- TASK PROMPT: Your task is to transcribe all of the data below exactly, omitting the images.

- DATA SEGMENT:
+++++

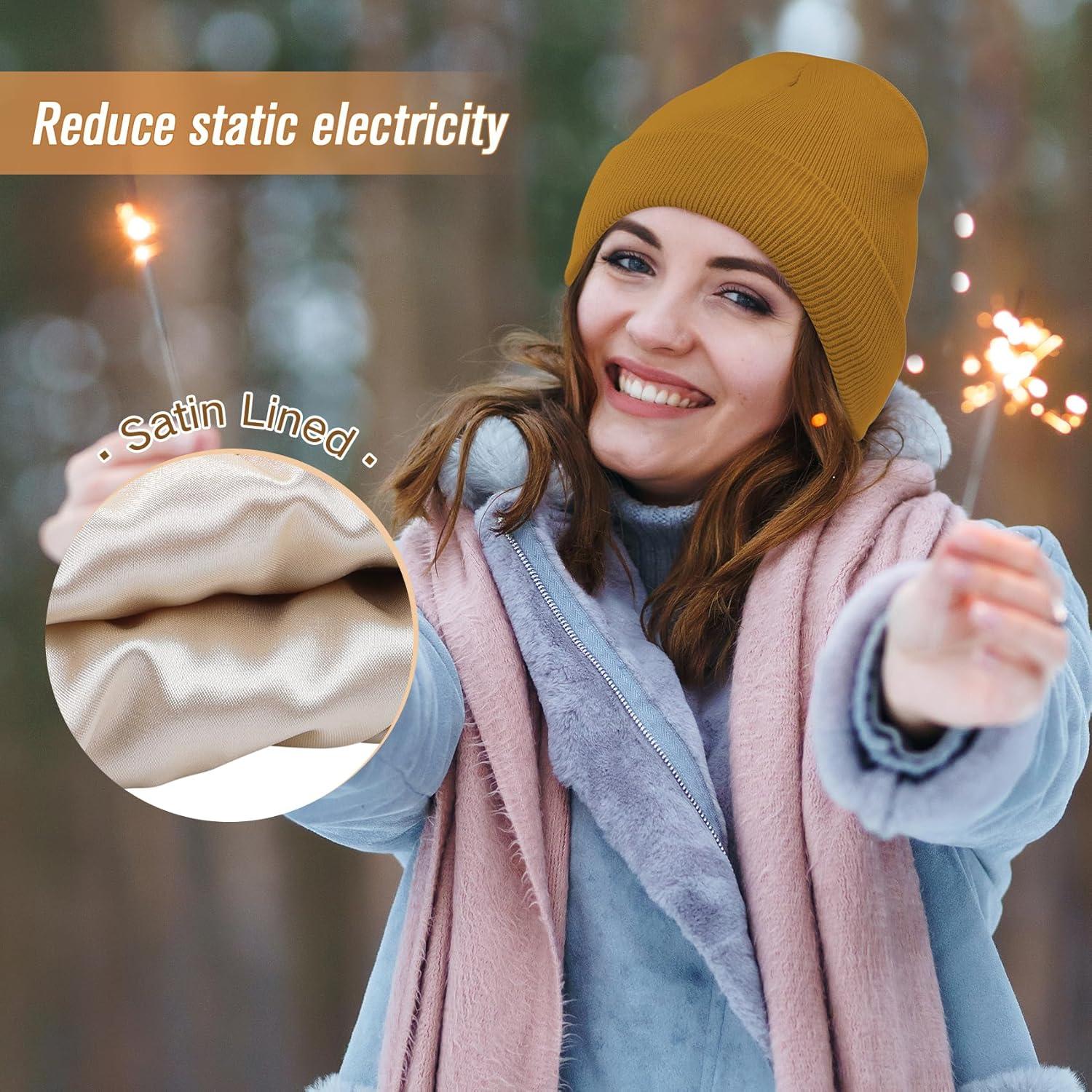 Unisex Satin & Silk Lined Slouchy Warm Winter Hat – Knit Satin Lined Beanie for Women & Men(Caramel)
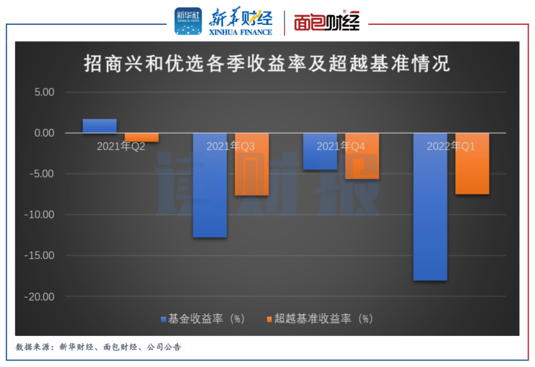 2021年二季度以來的完整四個季度,招商興和優(yōu)選僅在2021年二季度獲得正收益,其余三個季度均錄得虧損。更為重要的是,這四個季度該基金均未跑贏業(yè)績比較基準(zhǔn)。
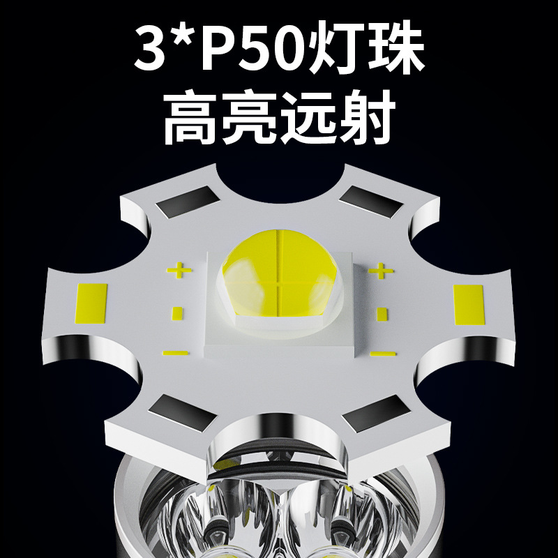 强光手电筒家用充电便携长续航远射变焦户外防水侧灯
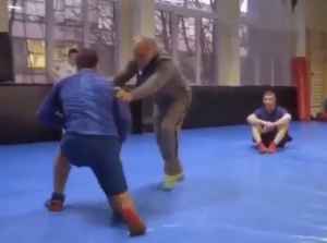 Этот пожилой тренер лишний раз доказывает, что молодость не всегда является решающим фактором в поединке. Его ловкости и координации можно только позавидовать.

+++++

- RESPONSE:
 Unisex Satin & Silk Lined Slouchy Warm Winter Hat – Knit Satin Lined Beanie for Women & Men(Caramel)
 2021年二季度以來的完整四個季度,招商興和優(yōu)選僅在2021年二季度獲得正收益,其余三個季度均錄得虧損。更為重要的是,這四個季度該基金均未跑贏業(yè)績比較基準(zhǔn)。
 强光手电筒家用充电便携长续航远射变焦户外防水侧灯
 Этот пожилой тренер лишний раз доказывает, что молодость не всегда является решающим фактором в поединке. Его ловкости и координации можно только позавидовать.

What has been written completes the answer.